Implementation note: this repository is an independent C++/GGML re-implementation based on model architecture and inference behavior, and is not an official fork or release.
GGUF model artifacts: published model files remain under Apache-2.0.
- ModelScope: https://modelscope.cn/models/Lourdle/Fun-CosyVoice3-0.5B-2512-GGUF
- Hugging Face: https://huggingface.co/Lourdle/Fun-CosyVoice3-0.5B-2512-GGUF
Model license file: MODEL_LICENSE.md

Quick Start

Convert upstream CosyVoice model weights to GGUF (via this repository's convert_model_to_gguf.py).
Configure and build this project.
(Optional) Quantize the GGUF model with quantize.
Run cosyvoice-cli for synthesis.

Inference Pipeline

This project supports two equivalent inference paths:

End-to-end frontend + TTS (recommended for first run)
- Input: reference audio (and reference text when required by mode) + target text
- Flow: frontend extracts prompt_speech -> TTS runs with prompt_speech and target text
- Mode notes:
  - zero-shot requires --prompt-text
  - instruct and cross-lingual ignore --prompt-text
Reuse saved prompt_speech (recommended for batch/repeated synthesis)
- Save prompt_speech as .gguf first (for example via --prompt-speech-output or API cosyvoice_prompt_speech_save_to_file)
- Later runs can pass --prompt-speech <file> directly, so frontend ONNX does not need to run again

In short: encode reference conditions (voice/speaker traits) into prompt_speech first, then combine prompt_speech with target text to generate audio.

Build

Requirements

CMake >= 3.24
C/C++ toolchain with C++20 support
Git (used to fetch GGML automatically when missing)
x86 CPU with AVX2 support is currently required for parts of the CPU data path
For CPU math-heavy paths (for example log and trigonometric functions), SIMD acceleration is currently enabled only in MSVC builds; other toolchains currently fall back to scalar implementations

Backend/runtime requirements depend on your build options (CUDA/Vulkan/CPU, ONNX Runtime, ICU, etc.).

1) Configure

cmake -S . -B build -DCMAKE_BUILD_TYPE=Release

2) Build

cmake --build build --config Release

Build outputs are placed in:

build/bin (executables/runtime DLLs)
build/lib (libraries)

Dependency Resolution

The top-level CMake project handles dependencies as follows:

PCRE2
- Built from vendor/pcre2 as static libraries (pcre2-8, pcre2-16).
GGML
- Uses GGML_SOURCE_DIR (default: vendor/ggml).
- If missing, CMake clones https://github.com/ggml-org/ggml.git automatically.
ICU (used by text normalization unless disabled)
- Controlled by COSYVOICE_NO_ICU.
- If ICU_PREBUILT_DIR is available, uses it directly.
- Otherwise tries find_package(ICU).
- On Windows, if still not found, prebuilt ICU is downloaded automatically.
- On Linux/macOS, install system ICU if still not found.
ONNX Runtime (used by frontend unless disabled)
- Controlled by COSYVOICE_NO_FRONTEND.
- If ORT_PREBUILT_DIR is available, uses it directly.
- Otherwise tries find_package(onnxruntime).
- If still not found, prebuilt ONNX Runtime is downloaded automatically.

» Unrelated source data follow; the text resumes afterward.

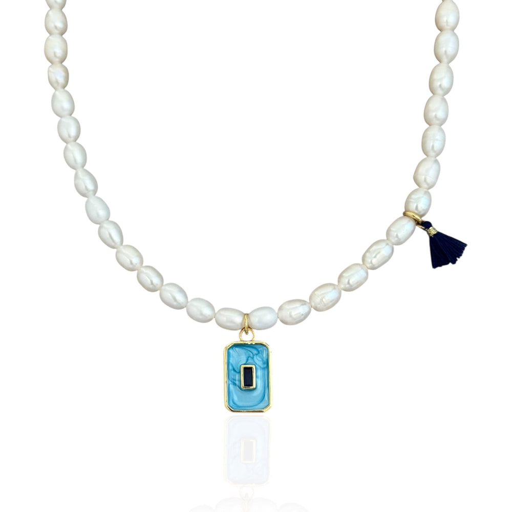 The Blue Square Pearl Necklace is a refined blend of timeless elegance and contemporary charm. Its luminous freshwater pearls are perfectly accented by a vibrant blue enamel pendant with a sparkling CZ centerpiece, making it an effortlessly chic addition to any outfit. Designed to transition seamlessly from casual days to special occasions, this piece invites compliments and adds a touch of sophistication to your personal style. Whether worn solo or layered, it’s the kind of accessory you’ll reach for again and again.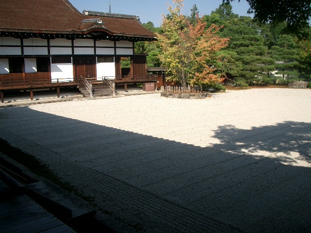 仁和寺御殿の庭園は南と北に分かれています。南庭は、全面に敷かれた白砂が見事です。ただ私が訪れた時は、正面の勅使門が工事中でシートが敷かれていて残念でした。北門にも白砂が敷かれています。こちらは、周りの池や木々とマッチして自然と造形の調和美を感じます。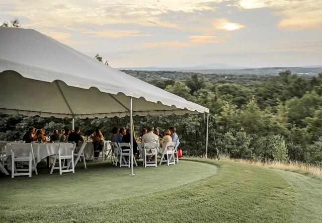 With a capacity of 150, the Fireplace Room is a great location for smaller events. Its intimate space is centered around a stone fireplace, while floor-to-ceiling windows overlook illuminated pine trees. A wrap-around deck is designed for outdoor cocktail parties. The Fireplace Room is the perfect location for smaller, “boutique” style weddings and events.

Useful dependency path cache variables:

GGML_SOURCE_DIR
ICU_PREBUILT_DIR
ORT_PREBUILT_DIR

Default values:

GGML_SOURCE_DIR=vendor/ggml
ICU_PREBUILT_DIR=<build_dir>/_deps/icu
ORT_PREBUILT_DIR=<build_dir>/_deps/onnxruntime

Dependency priority (effective order):

GGML: GGML_SOURCE_DIR -> auto clone GGML repository if missing.
ICU: use ICU_PREBUILT_DIR if available -> find_package(ICU) -> (Windows) auto download prebuilt ICU -> (Linux/macOS) install system ICU manually.
ONNX Runtime: use ORT_PREBUILT_DIR if available -> find_package(onnxruntime) -> auto download prebuilt ONNX Runtime.

Platform notes:

Windows: prebuilt dependency DLLs are copied next to executables after build.
Linux/macOS: prebuilt shared libraries are installed under library install directories.

CMake Options

Project-level options:

BUILD_SHARED_LIBS=ON/OFF (default: ON)
COSYVOICE_NO_AUDIO=ON/OFF (default: OFF)
COSYVOICE_NO_FRONTEND=ON/OFF (default: OFF)
COSYVOICE_NO_ICU=ON/OFF (default: OFF)

Dependency path options:

GGML_SOURCE_DIR=<path>
ICU_PREBUILT_DIR=<path>
ORT_PREBUILT_DIR=<path>

GGML backend options are passed through from GGML CMake (for example GGML_CUDA, GGML_VULKAN, etc.).

Build Matrix (Typical)

Scenario	Recommended CMake flags
CUDA backend	`-DGGML_CUDA=ON`
Vulkan backend	`-DGGML_VULKAN=ON`
CPU-only	no backend flag required
Core-only (no frontend / ICU)	`-DCOSYVOICE_NO_FRONTEND=ON -DCOSYVOICE_NO_ICU=ON`
No-audio helper API	`-DCOSYVOICE_NO_AUDIO=ON`

GGML Backend/Build Options

This project vendors/uses GGML through CMake, so GGML backend switches can be passed from this root build.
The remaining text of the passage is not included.